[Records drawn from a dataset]
>>>
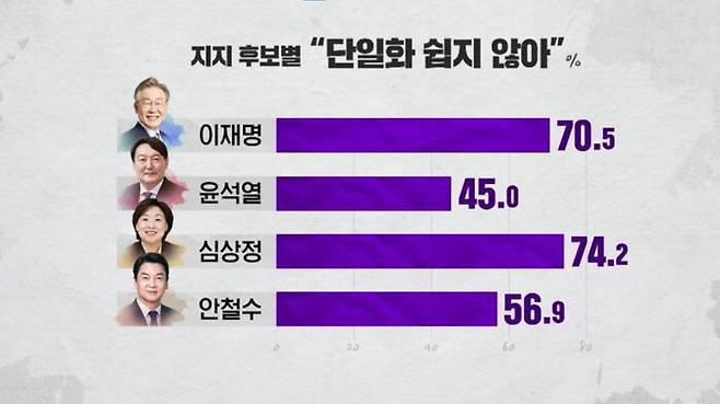 윤석열, 안철수 후보 지지자들에 비해 이재명 후보 지지자들이 단일화 불발 가능성을 더 크게 내다봤습니다.
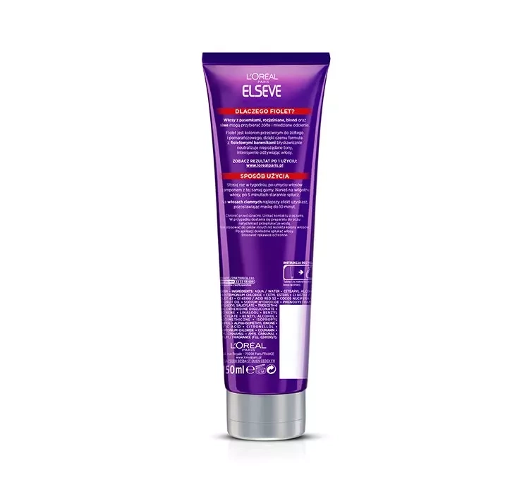L'Oreal Elseve Color Vive Purple Mask ist eine Haarmaske gegen Gelb- und Kupfertöne.
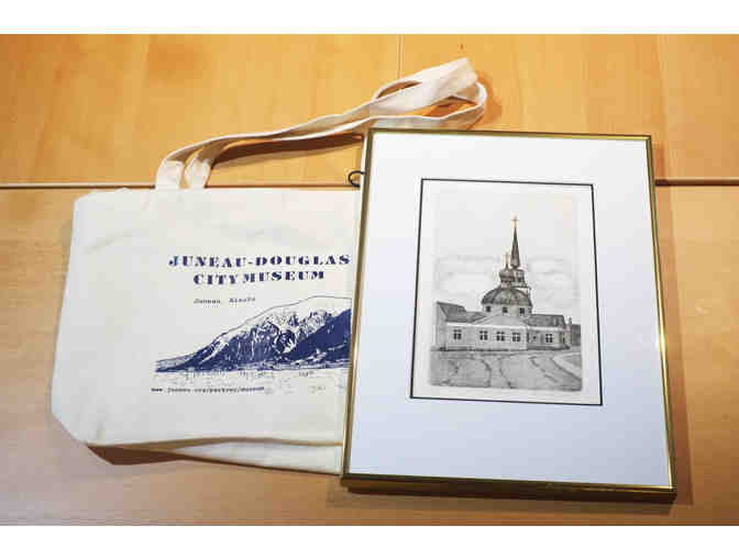 Grace your home with this print of the iconic Russian Orthodox Church in Stika , done by Juneau artist Laurie Ferguson Craig and donated by the Juneau-Douglas City Museum. The print is signed by the artist and is print 19/75. All package up sweetly in a museum tote.
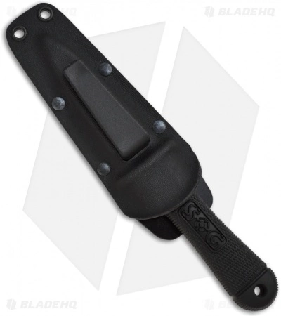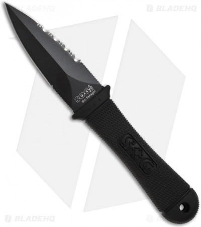 The SOG Pentagon Mini fixed blade is a tactical back-up knife that easily conceals in boot or vest. The Pentagon offers the instant choice between a serrated or beveled edge for cutting options. The twin thumb notches enable accurate blade orientation and downward control. The checkered handles are flared to provide confident gripping as well as superior feel and balance. Includes a Kydex sheath with clip and ball chain.
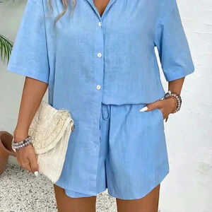Blue Casual Women's Leisure Solid Color Drop-Shoulder Shirt And And Shorts Set
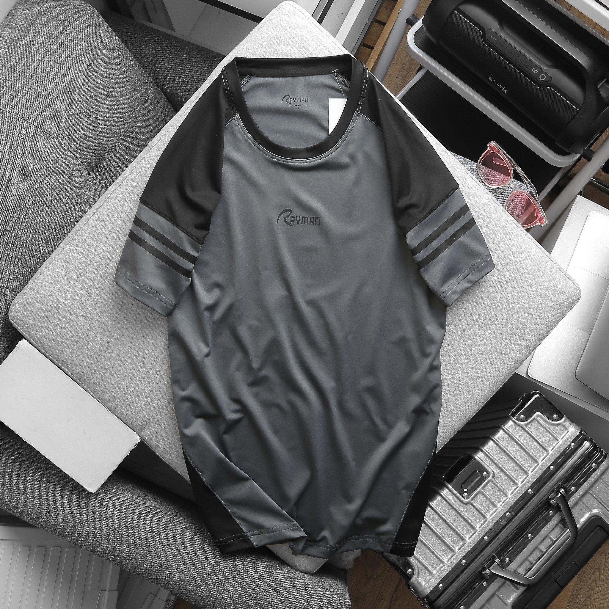 Giá sỉ áo Thun Nam Thể Thao Cổ Tròn Phối Tay Màu In Logo RayMan (Có size 3x)
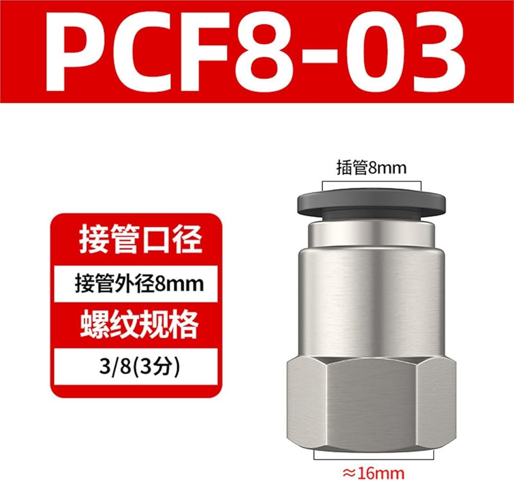 هوائي القصبة الهوائية موصل سريع PCF6-01/8-02/10-03 إدراج الخيط الداخلي مباشرة من خلال الأسود والأبيض 1 قطعة(黑色PCF8-03(高端))
<<<
_The task_
The output must be every line of the records, printed exactly, with the pictures omitted.

_Answer space_
 윤석열, 안철수 후보 지지자들에 비해 이재명 후보 지지자들이 단일화 불발 가능성을 더 크게 내다봤습니다.
L'Oreal Elseve Color Vive Purple Mask ist eine Haarmaske gegen Gelb- und Kupfertöne.
 Grace your home with this print of the iconic Russian Orthodox Church in Stika , done by Juneau artist Laurie Ferguson Craig and donated by the Juneau-Douglas City Museum. The print is signed by the artist and is print 19/75. All package up sweetly in a museum tote.
 The SOG Pentagon Mini fixed blade is a tactical back-up knife that easily conceals in boot or vest. The Pentagon offers the instant choice between a serrated or beveled edge for cutting options. The twin thumb notches enable accurate blade orientation and downward control. The checkered handles are flared to provide confident gripping as well as superior feel and balance. Includes a Kydex sheath with clip and ball chain.
Blue Casual Women's Leisure Solid Color Drop-Shoulder Shirt And And Shorts Set
 Giá sỉ áo Thun Nam Thể Thao Cổ Tròn Phối Tay Màu In Logo RayMan (Có size 3x)
 هوائي القصبة الهوائية موصل سريع PCF6-01/8-02/10-03 إدراج الخيط الداخلي مباشرة من خلال الأسود والأبيض 1 قطعة(黑色PCF8-03(高端))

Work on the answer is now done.